Parketnummer: 13/656680-12
BESCHIKKING
op de op 15 augustus 2017 ter griffie van deze rechtbank ingekomen vordering van de officier van justitie in het arrondissement Amsterdam d.d. 15 augustus 2017 in de zaak tegen:

[terbeschikkinggestelde] ,

geboren te [geboorteplaats] op [geboortedag] 1985,
thans verpleegd in de [naan kliniek te plaats] ,
die bij vonnis van deze rechtbank d.d. 27 juni 2013 ter beschikking gesteld werd, teneinde van overheidswege te worden verpleegd, welke terbeschikkingstelling laatstelijk bij beschikking van deze rechtbank d.d. 8 oktober 2015 voor de tijd van twee jaren werd verlengd.
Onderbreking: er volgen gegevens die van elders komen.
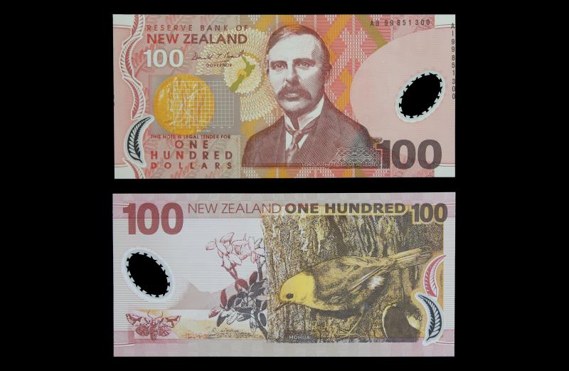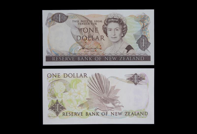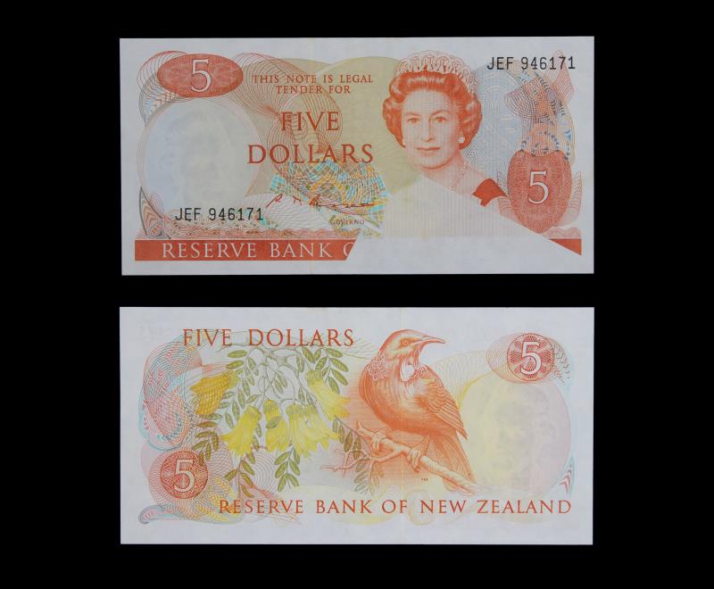 1985-89 RUSSELL $5, JEF 946171, bottom half of QEII missing from obstruction caused by paper fold during printing, staple hole otherwise gVF.

De inhoud van de vordering
De vordering van de officier van justitie strekt tot het verlengen van de termijn van genoemde terbeschikkingstelling met twee jaren.
De procesgang
De rechtbank heeft kennis genomen van de stukken in de zaak met bovenvermeld parketnummer, waaronder:
  • het op 18 juli 2017 op grond van artikel 509o, tweede lid van het Wetboek van Strafvordering uitgebrachte advies, strekkende tot verlenging van deze terbeschikkingstelling met twee jaren, alsmede de daarbij overgelegde aantekeningen;
  • de op 15 juli 2017 en 13 juli 2017 op grond van artikel 509o, vierde lid van het Wetboek van Strafvordering opgemaakte rapporten van klinisch psycholoog L.M.L. Thung en de psychiater H.T.J. Boerboom, beiden niet verbonden aan de inrichting waarin de terbeschikkinggestelde wordt verpleegd, strekkende tot verlenging van deze terbeschikkingstelling met twee jaren.
De rechtbank heeft op 5 oktober 2017 de officier van justitie mr. J. Ang, de terbeschikkinggestelde en diens raadsvrouw mr. Y. Karga, advocaat te Amsterdam, alsmede de deskundige J.A. Thomsen, verbonden aan de [naam kliniek] , in openbare raadkamer gehoord. Hiervan is afzonderlijk proces-verbaal opgemaakt.
De beoordeling
Aan genoemd
advies van de [naam kliniek] van 18 juli 2017wordt het volgende ontleend, zakelijk weergegeven:
Kernproblematiek
Betrokkene is een beneden gemiddeld intelligente man bij wie een antisociale persoonlijkheidsstoornis met borderline trekken is geconstateerd. Daarnaast is sprake van ernstige verslavingsproblematiek. Hier valt te denken aan afhankelijkheid van verschillende middelen (onder andere cocaïne, cannabis, alcohol en amfetamine), evenals pathologisch gokken. Betrokkene voldoet tevens aan de kenmerken voor ADD.
Verloop huidige FPC
Betrokkene verblijft sinds 16 december 2013 in FPC [naam kliniek] . Betrokkene maakt stappen binnen psychotherapie en hij werkt mee aan onder andere het opstellen van een delictanalyse, delictketen en terugvalpreventieplan. Ook stelt hij met mentoren een vroegsignalering op die hij wekelijks bespreekt. In mentorgesprekken bespreekt hij zucht en betrouwbaarheid. Op 16 december 2015 is er sprake van een terugval in cocaïne. In gesprek met de psychotherapeut geeft betrokkene aan dat hij tweemaal harddrugs gebruikt heeft en hij geeft ook aan dat hij softdrugs in bezit heeft welke hij inlevert. Betrokkene zegt dat hij softdrugs gekocht had met de intentie om het door te verkopen, juist omdat men hem verdenkt van drugshandel. Hij zegt hiermee te stoppen.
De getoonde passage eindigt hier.